• Exercise description: Output, exactly as written, the lines below starting at the line containing "Pineapple Unique Trinket" and ending at the line containing "Graffiti Permanent marker". Drop the pictures and keep both end lines.

• Extracted material:
________________________

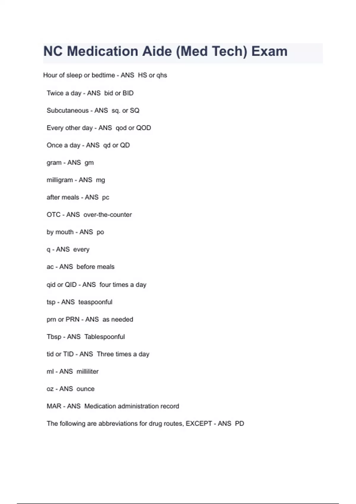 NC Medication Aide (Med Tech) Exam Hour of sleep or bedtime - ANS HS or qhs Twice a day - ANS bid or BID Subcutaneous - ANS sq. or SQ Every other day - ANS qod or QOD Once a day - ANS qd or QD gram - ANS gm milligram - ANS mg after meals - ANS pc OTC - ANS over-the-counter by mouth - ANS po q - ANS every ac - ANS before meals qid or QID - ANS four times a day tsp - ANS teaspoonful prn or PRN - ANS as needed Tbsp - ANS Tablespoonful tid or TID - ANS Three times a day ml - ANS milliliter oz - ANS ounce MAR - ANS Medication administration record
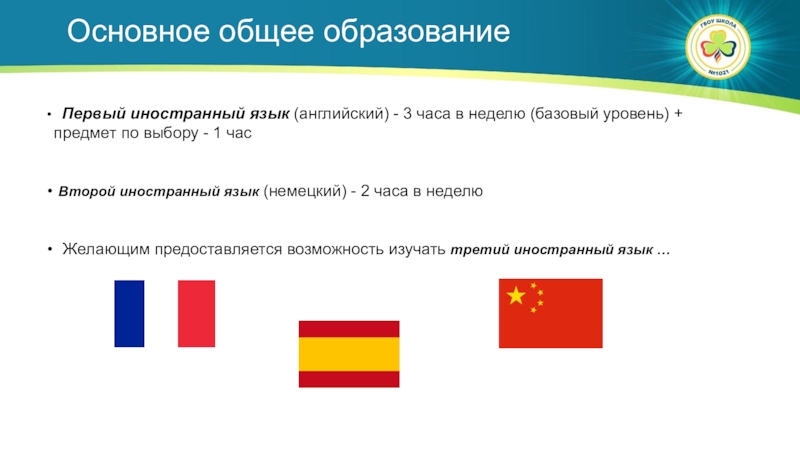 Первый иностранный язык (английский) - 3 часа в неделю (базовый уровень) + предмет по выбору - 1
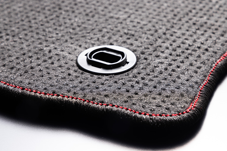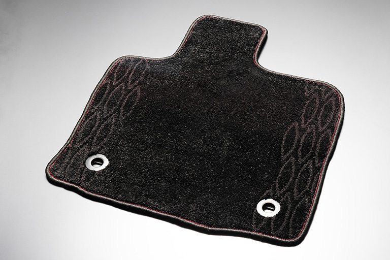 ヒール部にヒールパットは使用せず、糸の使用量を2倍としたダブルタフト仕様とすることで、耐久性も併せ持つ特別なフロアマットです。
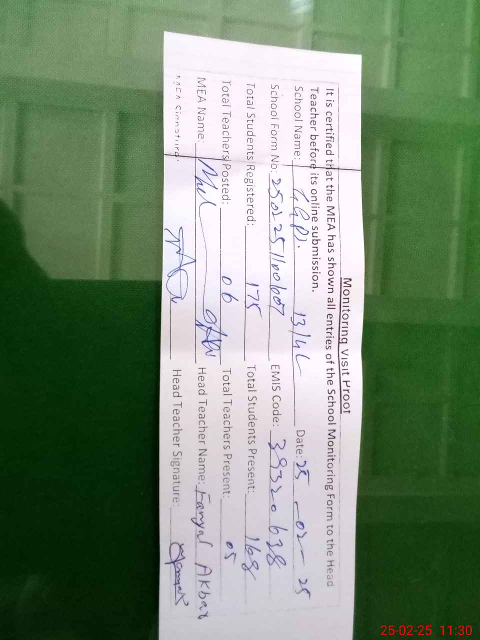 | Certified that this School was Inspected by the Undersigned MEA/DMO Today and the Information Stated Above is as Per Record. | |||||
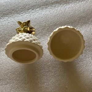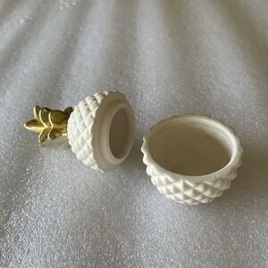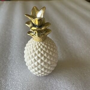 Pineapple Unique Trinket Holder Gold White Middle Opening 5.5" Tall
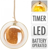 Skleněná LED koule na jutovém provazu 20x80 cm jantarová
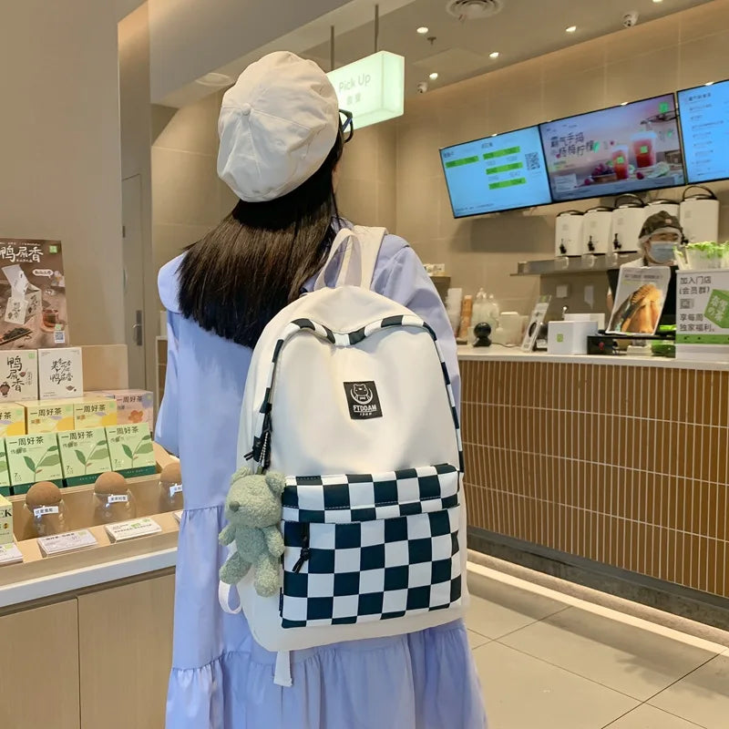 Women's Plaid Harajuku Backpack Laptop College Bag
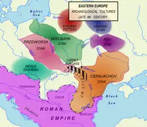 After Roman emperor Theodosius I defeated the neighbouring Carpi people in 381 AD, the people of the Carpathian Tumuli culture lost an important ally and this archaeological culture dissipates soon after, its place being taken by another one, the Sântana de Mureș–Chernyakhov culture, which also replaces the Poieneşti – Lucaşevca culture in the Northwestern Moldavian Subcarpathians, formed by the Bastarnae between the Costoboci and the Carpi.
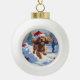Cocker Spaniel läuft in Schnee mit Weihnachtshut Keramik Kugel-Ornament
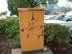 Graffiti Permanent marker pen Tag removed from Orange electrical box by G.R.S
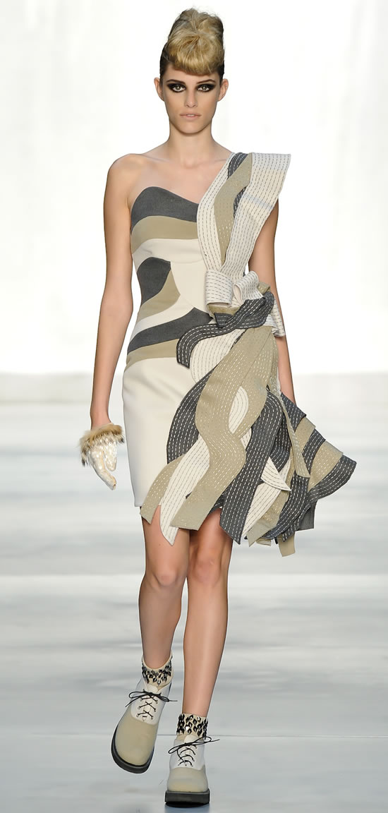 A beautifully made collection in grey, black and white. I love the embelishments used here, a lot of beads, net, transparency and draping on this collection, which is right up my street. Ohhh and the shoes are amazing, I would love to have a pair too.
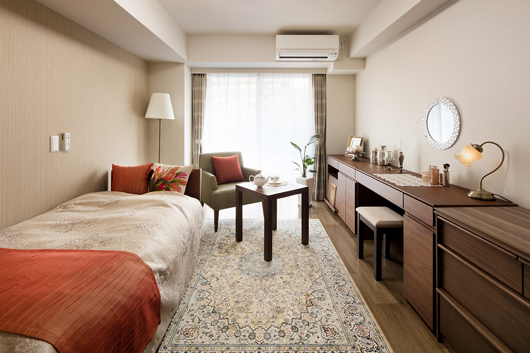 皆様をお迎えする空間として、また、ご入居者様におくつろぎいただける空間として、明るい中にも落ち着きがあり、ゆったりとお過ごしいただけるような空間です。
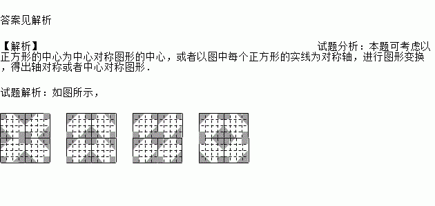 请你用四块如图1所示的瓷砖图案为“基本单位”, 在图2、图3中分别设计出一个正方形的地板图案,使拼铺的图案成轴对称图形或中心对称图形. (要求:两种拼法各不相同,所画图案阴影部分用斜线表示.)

________________________

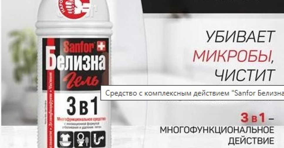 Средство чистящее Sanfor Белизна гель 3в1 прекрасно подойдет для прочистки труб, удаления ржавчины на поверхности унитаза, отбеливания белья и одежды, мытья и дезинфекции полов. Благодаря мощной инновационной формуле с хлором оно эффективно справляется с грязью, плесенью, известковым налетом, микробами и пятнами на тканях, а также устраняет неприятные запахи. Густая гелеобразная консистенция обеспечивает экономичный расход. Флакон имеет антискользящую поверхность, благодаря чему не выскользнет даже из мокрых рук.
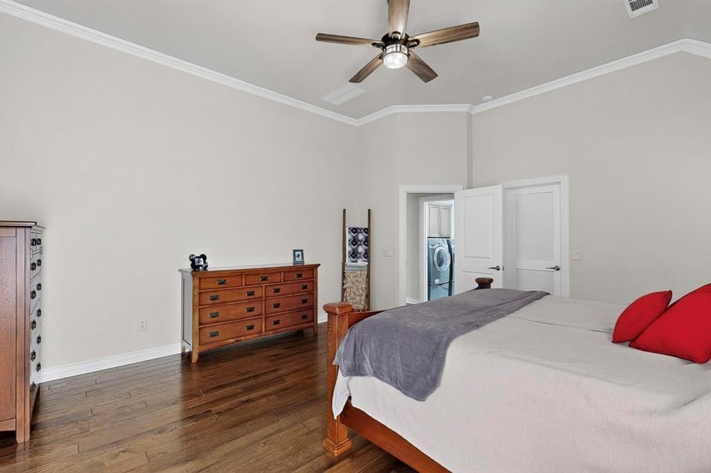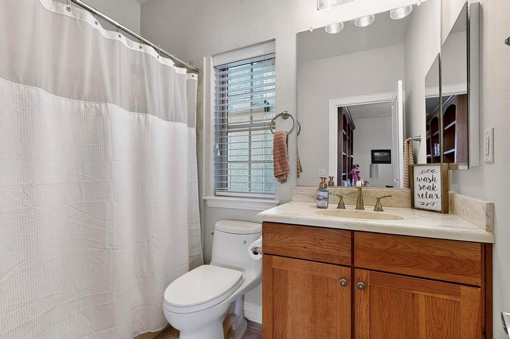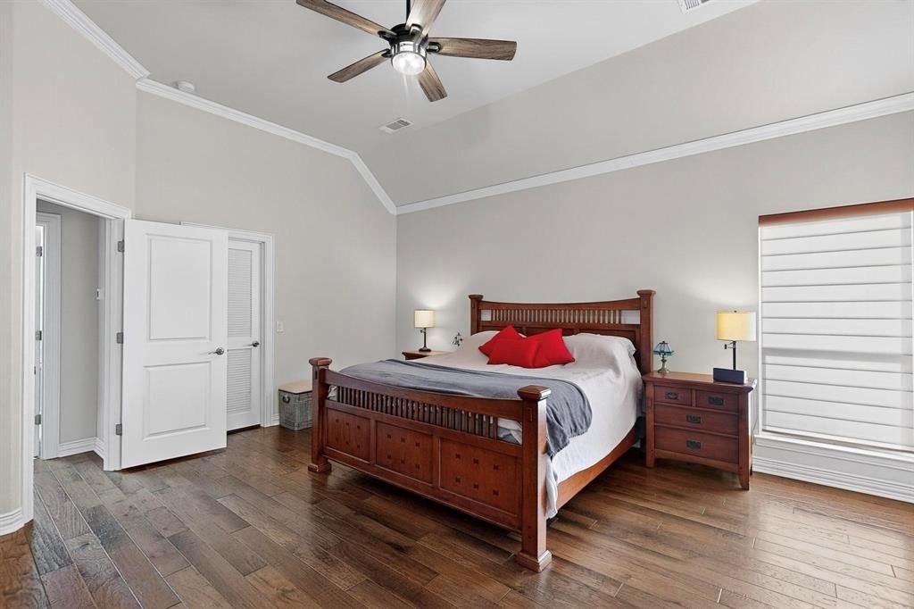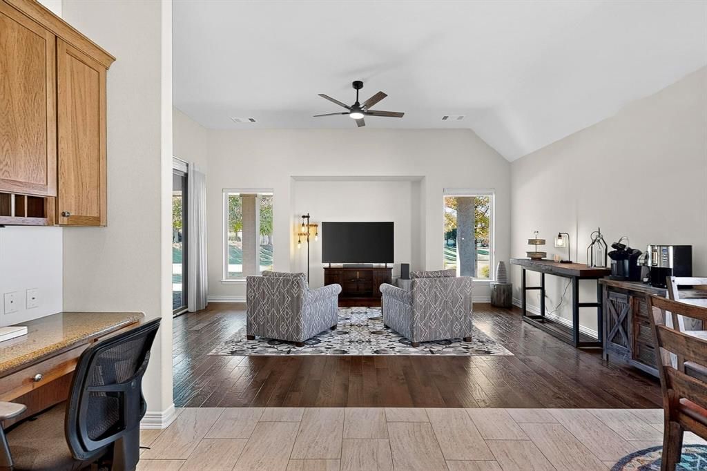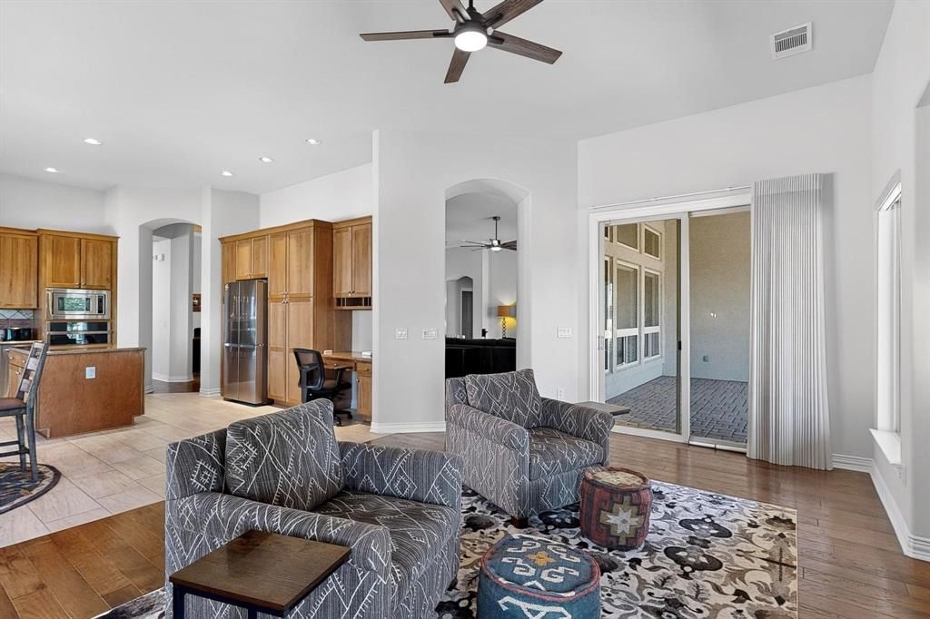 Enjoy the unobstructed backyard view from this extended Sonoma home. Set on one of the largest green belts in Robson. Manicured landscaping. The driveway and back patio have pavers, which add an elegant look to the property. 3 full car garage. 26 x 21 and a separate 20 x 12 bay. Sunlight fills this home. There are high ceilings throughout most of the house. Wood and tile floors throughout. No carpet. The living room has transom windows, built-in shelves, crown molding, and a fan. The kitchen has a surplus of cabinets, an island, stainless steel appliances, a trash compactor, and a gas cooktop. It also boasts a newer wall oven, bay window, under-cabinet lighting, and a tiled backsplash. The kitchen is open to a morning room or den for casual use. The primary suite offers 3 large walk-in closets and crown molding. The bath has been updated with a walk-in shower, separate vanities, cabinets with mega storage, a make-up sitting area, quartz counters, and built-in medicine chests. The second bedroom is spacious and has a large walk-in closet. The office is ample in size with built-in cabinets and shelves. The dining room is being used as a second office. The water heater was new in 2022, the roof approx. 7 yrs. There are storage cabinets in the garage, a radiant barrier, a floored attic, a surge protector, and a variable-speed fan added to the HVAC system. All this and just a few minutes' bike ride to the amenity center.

________________________

• Answer space:
 Pineapple Unique Trinket Holder Gold White Middle Opening 5.5" Tall
 Skleněná LED koule na jutovém provazu 20x80 cm jantarová
 Women's Plaid Harajuku Backpack Laptop College Bag
 After Roman emperor Theodosius I defeated the neighbouring Carpi people in 381 AD, the people of the Carpathian Tumuli culture lost an important ally and this archaeological culture dissipates soon after, its place being taken by another one, the Sântana de Mureș–Chernyakhov culture, which also replaces the Poieneşti – Lucaşevca culture in the Northwestern Moldavian Subcarpathians, formed by the Bastarnae between the Costoboci and the Carpi.
Cocker Spaniel läuft in Schnee mit Weihnachtshut Keramik Kugel-Ornament
 Graffiti Permanent marker pen Tag removed from Orange electrical box by G.R.S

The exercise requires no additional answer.